Hint: same code as above, except you need to set `alpha = 0.5`.
```{r, fig.align='center'}
# use cross validation to pick the "best" (based on MSE) lambda
env_elastic_net_cv <- cv.glmnet(x = env_x,
y = env_y,
type.measure = "mse",
alpha = 0.5) # 0.5 is code for "elastic"
# plot (log) lambda vs MSE
autoplot(env_elastic_net_cv, label = FALSE) +
theme_bw() +
theme(aspect.ratio = 1)
# lambda.min: value of lambda that gives minimum mean cross-validated error
env_elastic_net_cv$lambda.min
# lambda.1se: value of lambda within 1 standard error of the minimum
# cross-validated error
env_elastic_net_cv$lambda.1se
coef(env_elastic_cv, s = "lambda.min")
coef(env_elastic_cv, s = "lambda.1se")
```
### Now that you have seen the various results from the different methods, pick a subset of variables that you will include in the model. Create the multiple linear regression model with these variables (alternatively, you can call the best model using $BestModel, as explained above).

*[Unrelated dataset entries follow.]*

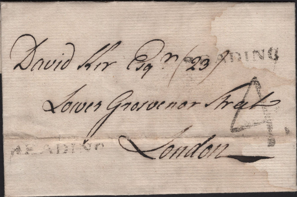 1795 MAIL READING TO LONDON WITH 'READING' STRAIGHT LINE HAND STAMPS (BR314) AND HAND STAMP '4' (BR40) AS APPLIED TO MAIL READING TO LONDON. Letter from Reading dated 22nd March 1795, some soiling, to London, on front two good strikes 'READING' straight line hand stamp in black (BR314) and fine strike hand stamp '4' in black (BR40) applied to mail Reading to London that was charged 4d, this hand stamp only recorded 1792-1796. (Ref 141724).
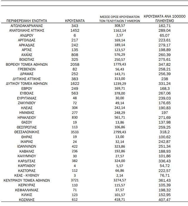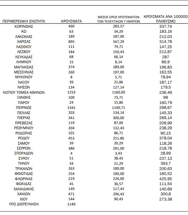 Δείτε που εντοπίζονται τα σημερινά κρούσματα:
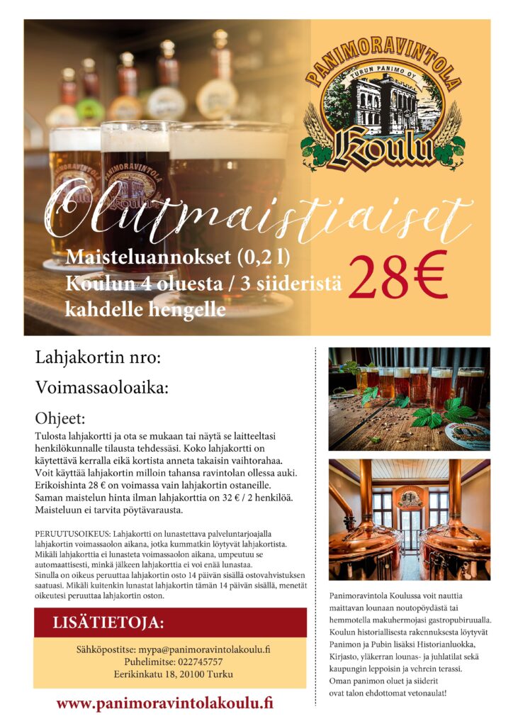 – neljän oluen maisteluun 14 € / hlö (normaalihinta 16 €/ hlö)
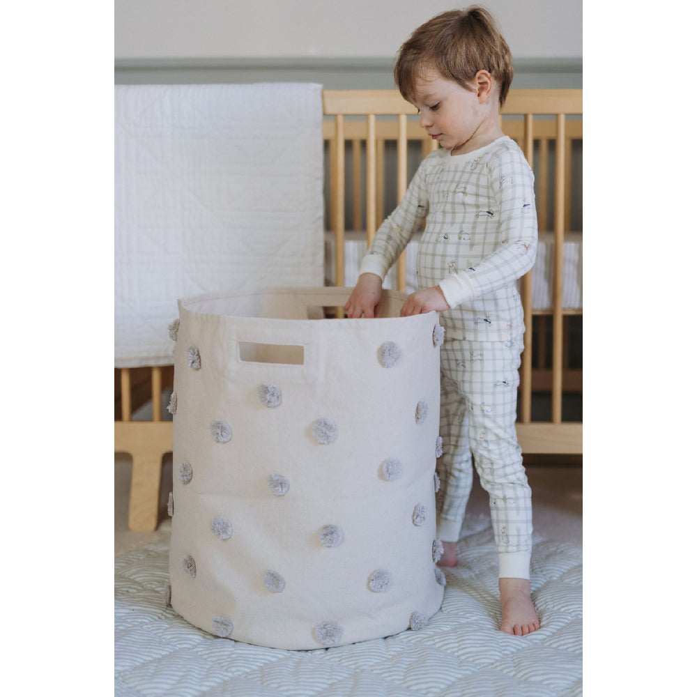 本や電車、工作用品などを整理整頓できます。お子さまの宝物を入れたり、家族でまとめて収納するのにも最適なサイズです。ひとつひとつ手縫いで作られたPom Pom Binはファンの間でも人気があります。

```{r, fig.align='center'}
#Ex. Best subsets
env_lm_subset1 <- best_subsets_bic$BestModel
summary(env_lm_subset1)
#Ex. Pick and choose
env_lm_subset2 <- lm(AAMort ~ AnnPrecip + School + PctNonWhite + log.SO2, data = env)
summary(env_lm_subset2)
```
### Once you have chosen a model, you should check the model assumptions. For now, skip checking assumptions 1-6 (you can always go back and do this later) and use variance inflation factors to test for multicollinearity. Do you think multicollinearity is a problem for this model?

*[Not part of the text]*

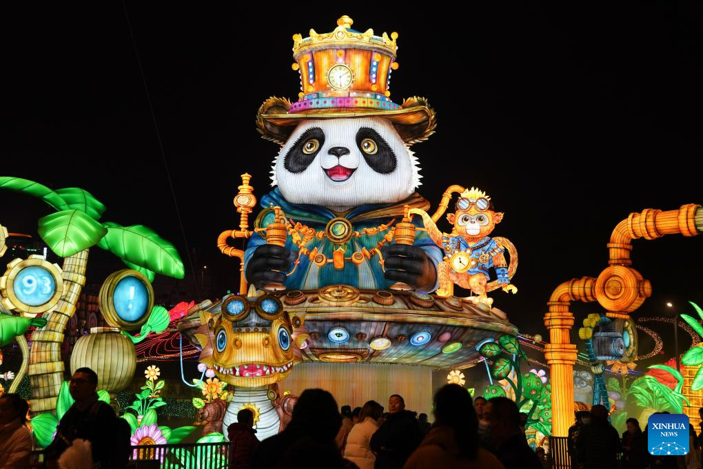 ZIGONG, 17 enero, 2025 (Xinhua) -- Linternas son vistas durante el 31 Espectáculo Internacional de Linternas de Dinosaurio de Zigong, en Zigong, en la provincia de Sichuan, en el suroeste de China, el 17 de enero de 2025. El 31 Espectáculo Internacional de Linternas de Dinosaurio de Zigong, comenzó aquí el viernes. El espectáculo de linternas de este año está organizado con doce grupos de juegos de luces súper grandes, siete grupos de juegos de luces grandes y más de 200 grupos de juegos de luces pequeños y medianos. La escala de las exhibiciones de linternas ha establecido un nuevo récord en la historia del Espectáculo Internacional de Linternas de Dinosaurios de Zigong. (Xinhua/Xu Bingjie)

```{r, fig.align='center'}
#use the subsets from above
env_vif_subset1 <- vif(env_lm_subset1)
env_vif_subset1
max(env_vif_subset1) # 2.1, much better than before
mean(env_vif_subset1) # Just barely above 1, at 1.6
```
< your response here >
## Summary and Conclusions
Multicollinearity is a common problem for linear models, and it is important that it is addressed to avoid the many pitfalls that arise (such as inflated standard errors). We performed several variable selection procedures to try to eliminate multicollinearity, which would also help us avoid overfitting. Ultimately, there is no "right" answer as to which variables should be included. There are many acceptable models, and there are certainly many bad models, but there is no one correct model. In general, it is good to run several procedures and look for similarities in the variables included.